O ex-conselheiro político do ex-presidente Trump foi
considerado um dos responsáveis pela vitória do republicano em 2016. E antes
mesmo de assumir a Presidência, Bolsonaro já mantinha contato com Bannon,
relação cujo elo sempre foi o deputado federal Eduardo Bolsonaro (PSL-SP).
Mas,
como naufrágio do Aliança pelo Brasil, partido que Jair Bolsonaro (PL) tentou
montar após deixar o PSL, em 2019, a direita radical perdeu a oportunidade de
se “institucionalizar”. É o que defende Christian Lynch, da Uerj. A “perda de
diz, pode ter sido crucial para a organização política futura do grupo.
—
Em vez de se materializar num partido, o bolsonarismo alugou o Centrão.
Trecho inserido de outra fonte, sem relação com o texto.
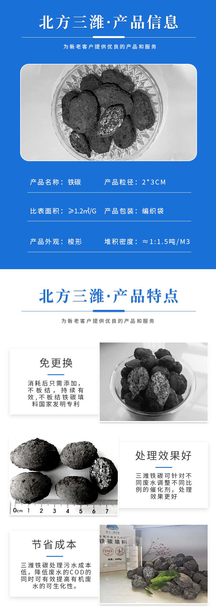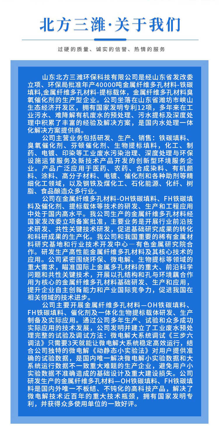 ??6.同素異構(gòu)結(jié)晶鐵素體填料,固相燒結(jié)窯變脆性強(qiáng)度適中,消耗量低,污泥量更少,壽命長(zhǎng),微電解正交峰值反應(yīng)效果高。
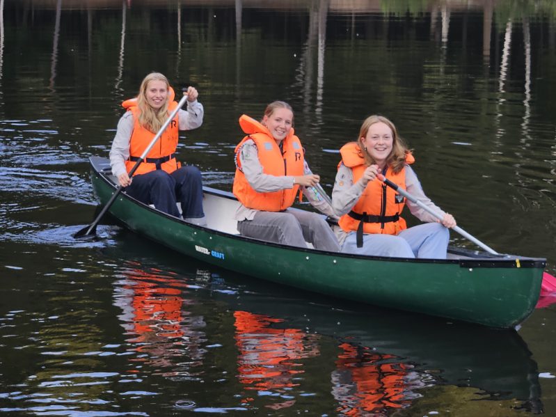 FRILUFTSGLEDE: Idun Soltvedt Klæbo (f.v.), Eline Westermoen Dugstag og Alma Rygh Holten i en kano, som er blant aktivitetene under Friluftslivets dag ved Isdammen på Årvoll.

Uma
eventual derrota eleitoral de Bolsonaro será um baque muito mais duro do que
foi para a esquerda o impeachment de Dilma, pois o PT tem enraizamento social,
hierarquia, burocracia, intelectuais —diz Lynch.
Base
capilarizada
Aliados
de Bolsonaro já vaticinavam que a falta de um partido único que abrigasse a
base ideológica do presidente havia sido responsável pela derrota do governo
nas eleições municipais de 2020. Pulverizados em siglas como PRTB, PTB, PSL,
PSC, Patriota e Republicanos, poucos bolsonaristas se elegeram.
A
cientista política Camila Rocha, da USP, por outro lado, avalia que o poder de
mobilização de Bolsonaro, mesmo sem um partido próprio, é expressivo. Ela
destaca que, enquanto Bolsonaro estava no PSL, seus correligionários fundaram
diretórios em cidades pequenas, o que ajudou a capilarizar sua base. E afirma
que o grupo se vê mais como um movimento, uma “frente”.
—
Não ter um partido único é estratégia bem anterior à ascensão bolsonarista, já
estava desenhada na nova direita e faz sentido para quem se vê como
antissistema — diz.
Bolsonaro
se filiou ao PL em novembro, mas sua base de apoio está dispersa por partidos
diversos. E aliados do presidente, sob reserva, ponderam se uma migração em
massa para o PL seria a melhor estratégia para a reeleição.
Caldeira
Neto lembra também que, em três anos de governo Bolsonaro, houve “certa
normalização” de grupos extremistas, mais legitimados a manifestar seu discurso
de ódio e praticar crimes de intolerância. Autoritarismo, hierarquia e
nacionalismo se tornaram mais difundidos.
Levantamento
do GLOBO mostrou que o número de inquéritos abertos pela Polícia Federal para
investigar casos de apologia ao nazismo, por exemplo, disparou em 2020, na
comparação com a série histórica da última década, passando de 20 em 2018 para
110 em 2020.
Risco
à democracia
A
professora da UFSC Letícia Cesarino, que estuda grupos extremistas em
plataformas digitais, diz que a rede de informação bolsonarista está menor, mas
mais radicalizada. E alerta que seu ecossistema — WhatsApp, Telegram,
Facebook, Twitter, YouTube e outras redes —, onde circulam conteúdos com
ataques e de descrença a instituições como imprensa, universidades e partidos
políticos, contribui para a corrosão da democracia.
Ela
detecta uma “zona cinzenta” entre o subterrâneo das redes digitais
bolsonaristas e a arena pública. Nesse espaço, diz, ideias radicais circulam
entre pessoas que não são necessariamente extremistas.
Um
exemplo são os canais antivacina do Telegram, ao unir
pessoas que defendem estilo de vida “natural”, livre de medicamentos produzidos
em laboratório, e apoiadores de Bolsonaro que replicam seus ataques à
imunização contra a Covid-19 e disseminam mentiras e distorções sobre a
pandemia.
—
A pandemia acelerou isso, e questões como a desinformação sobre urnas
eletrônicas já começam a repercutir nesse segmento intermediário —afirma.